**** Task material ****

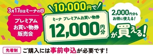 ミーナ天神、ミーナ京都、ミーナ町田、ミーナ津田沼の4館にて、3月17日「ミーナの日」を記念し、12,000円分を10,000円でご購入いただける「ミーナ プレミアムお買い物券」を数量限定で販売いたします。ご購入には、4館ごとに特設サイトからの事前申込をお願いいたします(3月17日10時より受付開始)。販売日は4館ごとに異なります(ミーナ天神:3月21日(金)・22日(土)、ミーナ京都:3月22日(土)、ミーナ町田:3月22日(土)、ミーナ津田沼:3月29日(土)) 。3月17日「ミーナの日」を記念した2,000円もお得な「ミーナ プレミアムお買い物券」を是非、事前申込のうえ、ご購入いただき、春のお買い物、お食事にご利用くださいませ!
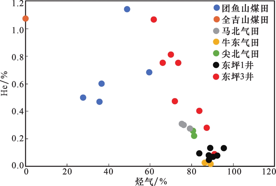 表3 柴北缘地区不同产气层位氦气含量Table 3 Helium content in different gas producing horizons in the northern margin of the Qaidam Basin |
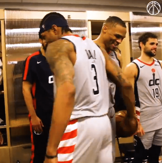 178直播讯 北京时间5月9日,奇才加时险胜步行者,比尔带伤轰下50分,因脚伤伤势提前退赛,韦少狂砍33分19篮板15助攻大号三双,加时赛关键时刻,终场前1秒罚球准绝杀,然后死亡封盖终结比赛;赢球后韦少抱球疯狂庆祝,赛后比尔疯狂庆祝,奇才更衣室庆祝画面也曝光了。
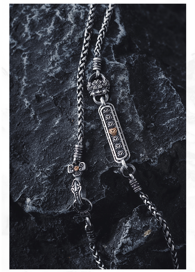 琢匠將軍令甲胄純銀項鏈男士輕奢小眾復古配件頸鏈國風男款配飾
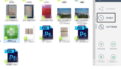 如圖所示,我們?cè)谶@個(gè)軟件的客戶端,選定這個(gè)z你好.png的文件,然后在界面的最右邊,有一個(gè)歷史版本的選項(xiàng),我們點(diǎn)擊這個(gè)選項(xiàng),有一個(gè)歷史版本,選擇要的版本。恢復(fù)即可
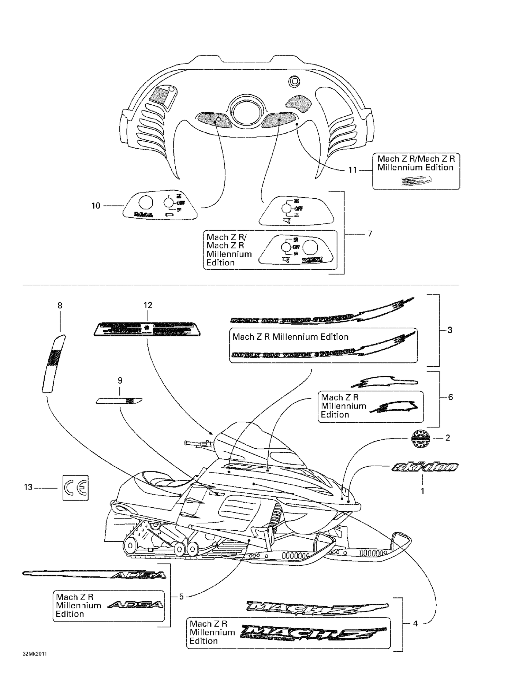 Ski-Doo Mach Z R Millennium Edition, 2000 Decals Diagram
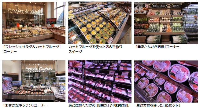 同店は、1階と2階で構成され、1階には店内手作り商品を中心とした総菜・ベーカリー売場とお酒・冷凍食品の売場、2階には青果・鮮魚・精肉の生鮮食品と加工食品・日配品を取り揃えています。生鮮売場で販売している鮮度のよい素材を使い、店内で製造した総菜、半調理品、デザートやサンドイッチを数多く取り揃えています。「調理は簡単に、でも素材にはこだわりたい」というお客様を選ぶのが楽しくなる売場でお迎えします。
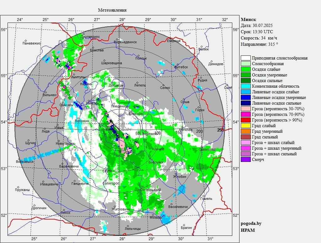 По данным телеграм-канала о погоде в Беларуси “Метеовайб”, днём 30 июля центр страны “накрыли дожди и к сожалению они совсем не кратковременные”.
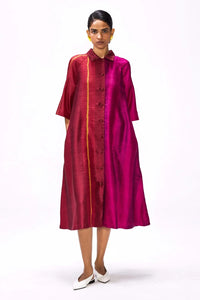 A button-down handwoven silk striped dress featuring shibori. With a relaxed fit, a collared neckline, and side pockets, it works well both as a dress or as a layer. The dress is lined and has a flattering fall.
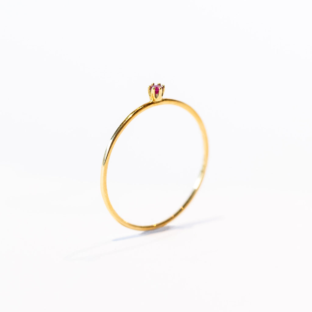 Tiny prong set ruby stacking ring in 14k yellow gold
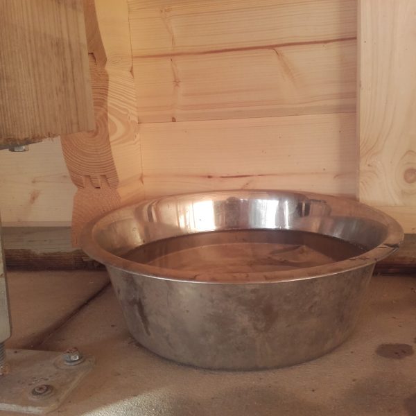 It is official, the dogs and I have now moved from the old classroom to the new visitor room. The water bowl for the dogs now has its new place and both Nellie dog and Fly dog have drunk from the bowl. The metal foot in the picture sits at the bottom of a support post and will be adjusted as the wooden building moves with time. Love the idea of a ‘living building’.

****
**** Task material ****

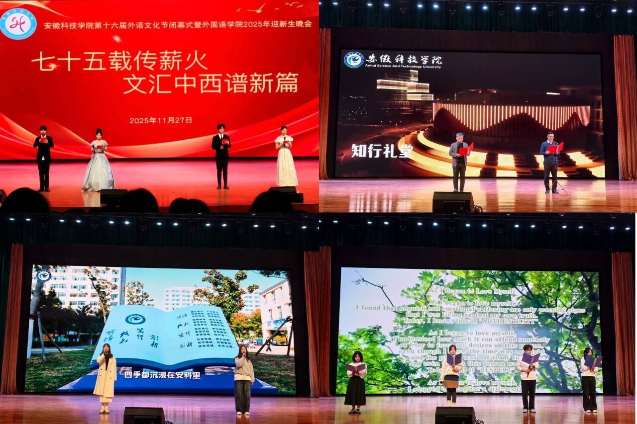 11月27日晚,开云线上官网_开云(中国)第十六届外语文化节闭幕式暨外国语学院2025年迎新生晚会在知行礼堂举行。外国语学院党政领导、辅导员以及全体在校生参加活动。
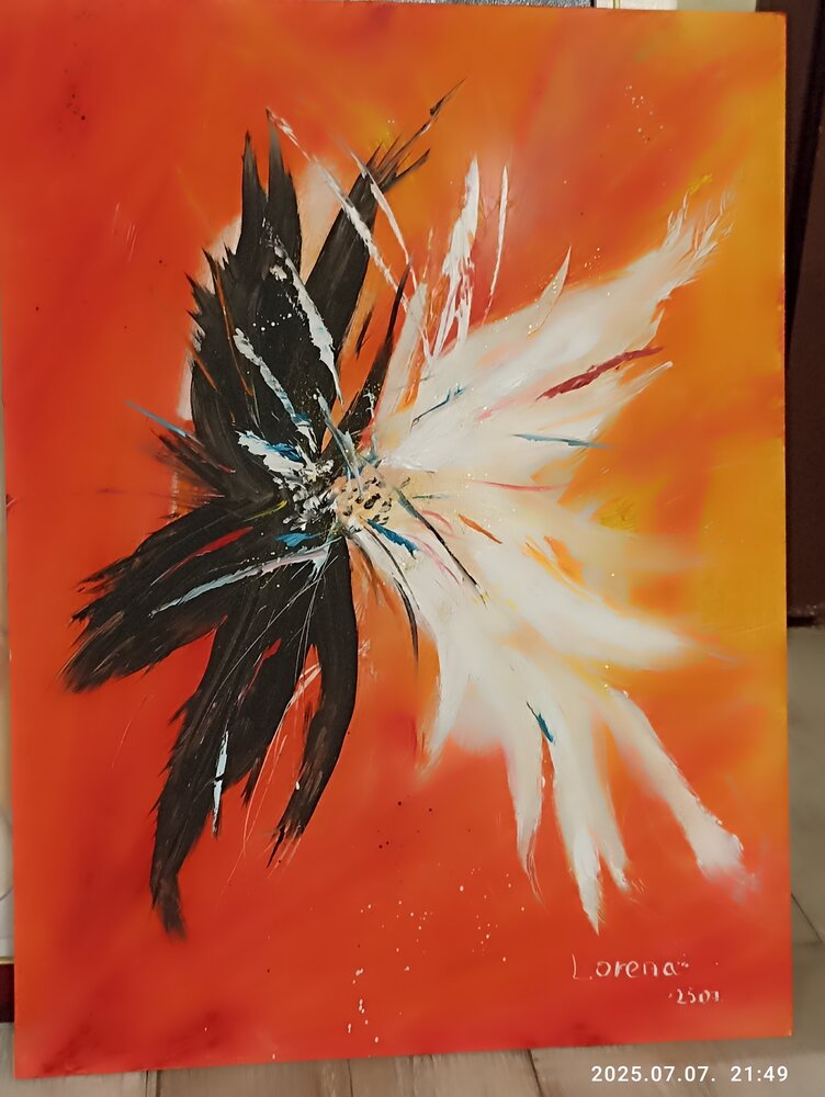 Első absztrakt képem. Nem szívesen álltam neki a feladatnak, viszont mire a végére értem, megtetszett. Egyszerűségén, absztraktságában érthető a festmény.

****
**** Task material ****

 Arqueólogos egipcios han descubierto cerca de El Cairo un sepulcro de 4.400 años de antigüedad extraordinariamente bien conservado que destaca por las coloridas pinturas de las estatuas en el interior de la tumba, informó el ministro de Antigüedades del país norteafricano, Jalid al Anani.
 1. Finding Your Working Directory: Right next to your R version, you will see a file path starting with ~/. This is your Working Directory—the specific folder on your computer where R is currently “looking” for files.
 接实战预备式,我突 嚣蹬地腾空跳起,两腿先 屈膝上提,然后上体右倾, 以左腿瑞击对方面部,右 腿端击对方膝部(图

****

■ Exercise
In the material above, find the line containing "Arqueólogos egipcios han" and the line containing "接实战预备式,我突 嚣蹬地腾空跳起,两腿先 屈膝上提,然后上体右倾, 以左腿瑞击对方面部,右", then write out exactly those two lines and every line between them, and nothing more.

■ Result
 Arqueólogos egipcios han descubierto cerca de El Cairo un sepulcro de 4.400 años de antigüedad extraordinariamente bien conservado que destaca por las coloridas pinturas de las estatuas en el interior de la tumba, informó el ministro de Antigüedades del país norteafricano, Jalid al Anani.
 1. Finding Your Working Directory: Right next to your R version, you will see a file path starting with ~/. This is your Working Directory—the specific folder on your computer where R is currently “looking” for files.
 接实战预备式,我突 嚣蹬地腾空跳起,两腿先 屈膝上提,然后上体右倾, 以左腿瑞击对方面部,右 腿端击对方膝部(图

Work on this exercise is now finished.